The FT also reports that Angela Merkel, German chancellor, suffered an electoral setback four weeks before the country’s general election as her Christian Democratic Union lost its absolute majority in two of the 16 states on Sunday. It appeared to have clawed back to power in a third.

Elections in the small western state of Saarland and in the eastern states of Saxony and Thuringia revealed an erosion of the CDU’s influence. But they also failed to deliver the good news its Social Democratic (SPD) rivals had hoped for.

The main winners were the smaller parties in Germany’s increasingly fragmented political landscape. The polls showed voters turning away from the CDU and SPD, which have ruled together in a grand federal coalition for four years and have held a dominant place in German political life since the second world war.

The two main parties saw their total vote share fall from 78.3 per cent to less than 60 per cent in Saarland and from 57.5 per cent to 50.9 per cent in Thuringia, say early estimates.

In the two eastern states, the SPD ended behind the radical Left party. In Saxony it also finished behind the pro-business Free Democratic party. The CDU and SPD lost votes at the lower-profile municipal elections in North Rhine-Westphalia, which were also taking place on Sunday.

The regional polls are a key milestone before the September 27 general election and are a bitter disappointment for the SPD. It had hoped to reverse weeks of falling national ratings by clinching the post of state premier in at least one of the states.

Like the national election of 2005, the polls in Saarland and Thuringia failed to deliver a clear centre-right or centre-left majority, leaving the option of a grand coalition or a three-way alliance between one large and two small parties.

In both states the outgoing CDU premiers face a painful choice between governing with their SPD opponents or putting their fate in the hands of the Green party, which was credited with 5.5 per cent in both cases, just above the threshold that guarantees entry to the state parliaments.

Saxony, ruled by a grand coalition under the CDU’s Ladislaw Tillich since 2004, provided the one bright spot for Ms Merkel. The state delivered a clear majority for CDU and FDP, the alliance the chancellor is running for at the national level.

The New York Times reports that nearly a year after the federal rescue of the nation’s biggest banks, taxpayers have begun seeing profits from the hundreds of billions of dollars in aid that many critics thought might never be seen again.
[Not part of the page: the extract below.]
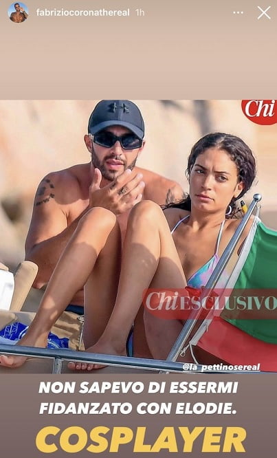 Lo stesso Fabrizio Corona, vista la foto, ha fatto una battuta su Instagram, lanciando una chiara stoccata ad Andrea Iannone: “Non sapevo di essermi fidanzato con Elodie. Cosplayer” ha scritto poi alla fine a caratteri cubitali. Insomma, l’ex re dei paparazzi lancia la frecciatina a colui che, come lui, è un noto ex di Belen Rodriguez.

The profits, collected from eight of the biggest banks that have fully repaid their obligations to the government, come to about $4 billion, or the equivalent of about 15 percent annually, according to calculations compiled for The New York Times.

These early returns are by no means a full accounting of the huge financial rescue undertaken by the federal government last year to stabilize teetering banks and other companies.
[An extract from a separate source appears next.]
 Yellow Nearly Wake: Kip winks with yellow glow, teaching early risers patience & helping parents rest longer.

The government still faces potentially huge long-term losses from its bailouts of the insurance giant American International Group, the mortgage finance companies Fannie Mae and Freddie Mac, and the automakers General Motors and Chrysler. The Treasury Department could also take a hit from its guarantees on billions of dollars of toxic mortgages.

But the mere hint of bailout profits for the nearly year-old Troubled Asset Relief Program has been received as a welcome surprise. It has also spurred hopes that the government could soon get out of the banking business.
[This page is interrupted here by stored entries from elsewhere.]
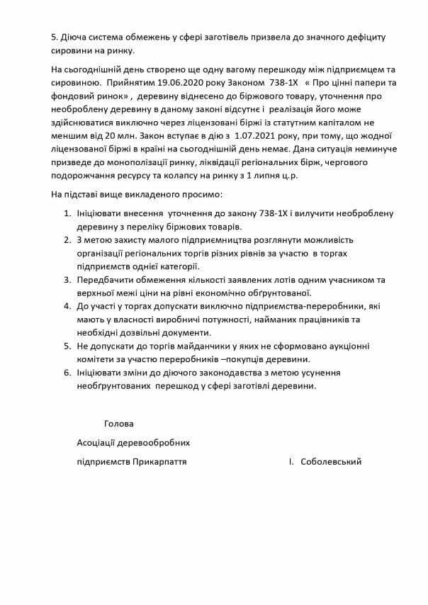 Голова асоціації Ігор Соболевський розповідає, що деревообробна діяльність Прикарпаття стала на межу ліквідації, бо вона “загнана” на аукціонні торги. Він додає – якщо вони сьогодні не будуть працювати, то ОТГ залишаться без бюджетів, що призведе до знищення структури децентралізації.
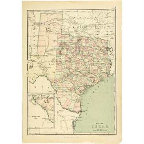 <B>1873 Map of Texas</B></I> , 13.5' x 19.5" overall, image 12.25" x 17". J. David Williams, New York, Boston & Chicago [c. 1873]. Full color lithograph. Numbered "<I>15</B></I>" (in the upper right) from an American and French "Jones and Hamilton" atlas. "<I>Imprimerie de Ferd. Mayer et fils, New York et Paris</B></I>." in lower right. Polar projection. Inset map of the western part of Texas. Excellent detail of Cross Timbers (called "<I>Mesquite Openings</B></I>), trails, ponds, springs, topography, dozens of forts, resources (gypsum, salt, arable land, timber, sand, course grass, etc.), the railroads branching from Houston/Harrisburg area, many place names such as El Paso del Norte, Old Rock Fort in Johnson Co., New Washington east of Houston, Webbers Prairie near Austin. "<I>Scale of English Miles</B></I>." Most of these maps have a map of Indian Territory on verso; this one doesn't. One minor smudge in an uncolored area just west of Edwards county. Chipped at blank edges. Fine condition.<BR><BR><b>Shipping:</b> Flat Material, Large (<a target="_blank" href="http://www.heritageauctions.com/common/shipping.php">view shipping information</a>)
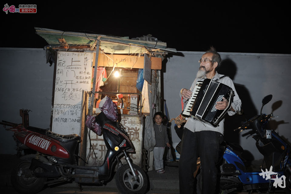 2014年10月28日,老史在董家渡路上的一间修锁棚前拉手风琴。

“The taxpayers want their money back and they want the government out of our banking system,” Representative Jeb Hensarling, a Texas Republican and a member of the Congressional Oversight Panel examining the relief program, said in an interview.

Profits were hardly high on the list of government priorities last October, when a financial panic was in full swing and the Treasury Department started spending roughly $240 billion to buy preferred shares from hundreds of banks that were facing huge potential losses from troubled mortgages. Bank stocks began teetering after Lehman Brothers collapsed and the government rescued A.I.G., and fear gripped the financial industry around the world.

American taxpayers were told they would eventually make a modest return from these investments, including a 5 percent quarterly dividend on the banks’ preferred shares and warrants to buy stock in the banks at a set price over 10 years.

But critics at the time warned that taxpayers might not see any profits, and that it could take years for the banks to repay the loans.

As Congress debated the bailout bill last September that would authorize the Treasury Department to spend up to $700 billion to stem the financial crisis, Representative Mac Thornberry, Republican of Texas, said: “Seven hundred billion dollars of taxpayer money should not be used as a hopeful experiment.”

So far, that experiment is more than paying off. The government has taken profits of about $1.4 billion on its investment in Goldman Sachs, $1.3 billion on Morgan Stanley and $414 million on American Express. The five other banks that repaid the government — Northern Trust, Bank of New York Mellon, State Street, U.S. Bancorp and BB&T — each brought in $100 million to $334 million in profit.

The figure does not include the roughly $35 million the government has earned from 14 smaller banks that have paid back their loans. The government bought shares in these and many other financial companies last fall, when sinking confidence among investors pushed down many bank stocks to just a few dollars a share. As the banks strengthened and became profitable, the government authorized them to pay back the preferred stock, which had been paying quarterly dividends since October.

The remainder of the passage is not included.